Your usage of those terms is a social contagion phenomenon although it is very much contrived. No one even cared about DEI until like 2 years ago and now it is one of the core problems of our time. How real the issue is in your mind is totally manufactured.
I have another explanation for the current gnashing of teeth about the oppressor/oppressed framework and woke in general that people on your side hardly grapple with. It is a natural and atavistic framework. I see people generate these large tweet threads about oppressor/oppressed framework at the core of wokism and we utterly evil/destructive it is. Then, a couple of tweets later they will use the same framework implicitly to cheer on the Denver Nuggets to beat the Lakers or Jon Snow to kick Ramsey Bolton's ass because they are underdogs.
I checked my old blog for references to DEI and Woke. No references to DEI more than two years ago but multiple negative references to "woke" going back more than four years. References to "affirmative action" and "diversity," earlier euphemisms for racial preferences, go back more than seventeen years. So I don't think my concern with these issues is due to Rufo.
Are you arguing that support for DEI is not, as Albatross described it, a position that rose very rapidly to orthodoxy? That it doesn't have significant effects? That it did rise fast but the reason was new and convincing arguments for it? I'm not sure what substance of my argument you are disagreeing with.
DEI effects are assertions. No one has ever done any work to demonstrate a material impact on the economy. My general intuition of a white male having to go to BU versus Columbia is of insignificant importance to the economy. It mostly hits on our animal fairness/justice instincts.
Yes, I am claiming this is a contrived issue with very little effect on the "economy". It is in a class of things like, "whatever happened to MS-13" right wing issues.
So you are not disagreeing with anything either I or Albatross wrote. The post wasn't about DEI, it was about preference falsification and its collapse.
You just want to record your disagreement with his, and my, opposition to DEI.

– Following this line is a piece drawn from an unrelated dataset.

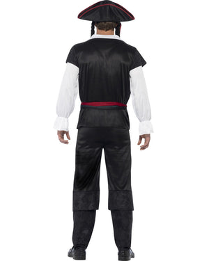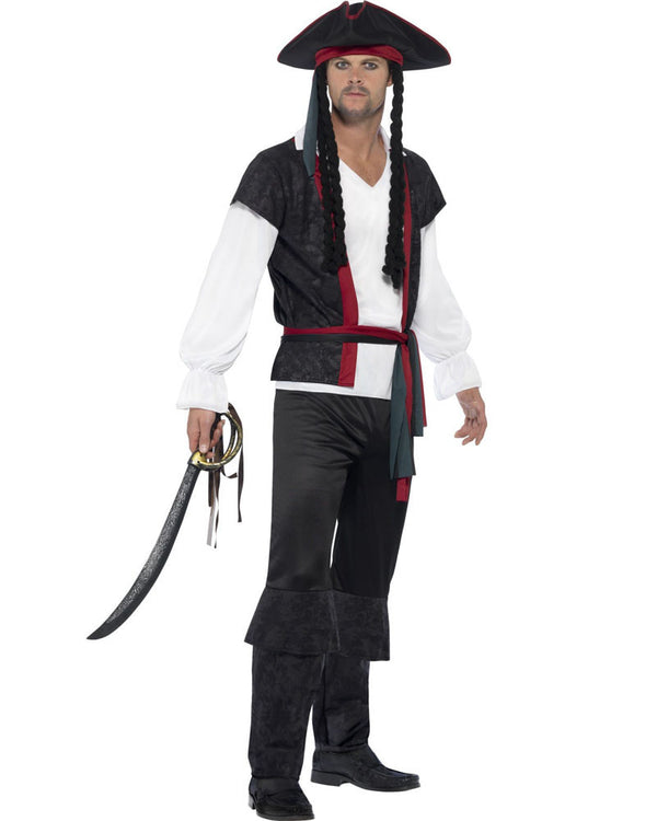 Make those scurvy dogs walk the plank in this Aye Aye Pirate Captain Mens Costume. The costume features a white long-sleeved top with an attached black and red vest and a matching sash. The black pants are designed with attached boot cuffs to turn your regular shoes into sea-worthy boots. A tricorn hat with attached hair tops off the costume. Perfect for Book Week or any pirate themed event.

Aside from the effect on college admissions, do you think the existence of an orthodoxy in college employment, requiring that one hold certain political views in order to be hired as a professor, might have undesirable effects, in particular make it harder to discover errors in the current orthodoxy?
It seems you are describing more than preference falsification in you are characterizing aggregate preferences, what is weakly believed, what is true/false, and which ones can be falsified... Your characterization is wholly different than mine. I see very little importance in the world of affirmative action, DEI, or woke. I consider those issues trivial.
I don't think political views are that important for professordom. I don't think they are that important to firms as well. In your abstract version of errors and orthodoxy; I want all this demonstrated first. The claims on DEI and woke; your side is making the extreme claims with almost no evidence and mostly sounds like "I just don't like it".
Bryan Caplan just made some post about DEI has been working because firms have the "slack" to implement bad policy. There's been a litany of posts attacking him with some argumentation that he would use liberally when it fits stuff he likes: which border on EMH the market has spoken, the easiest explanation is it is efficient, you aren't smarter than firms or the market
I'm sorry, but this whole post was just boomer conservative in a nutshell.
You are talking about others as if they are totally empty vessels, but I think you are.
If you have arguments, make them. What is your explanation of the sudden shift in Democrats' view of Biden? Was his condition much worse on June 27th than in the previous months? If not, was a problem obvious to viewers of the debate not seen by high status Democrats who observed Biden at first hand over the previous months and knew others who did so?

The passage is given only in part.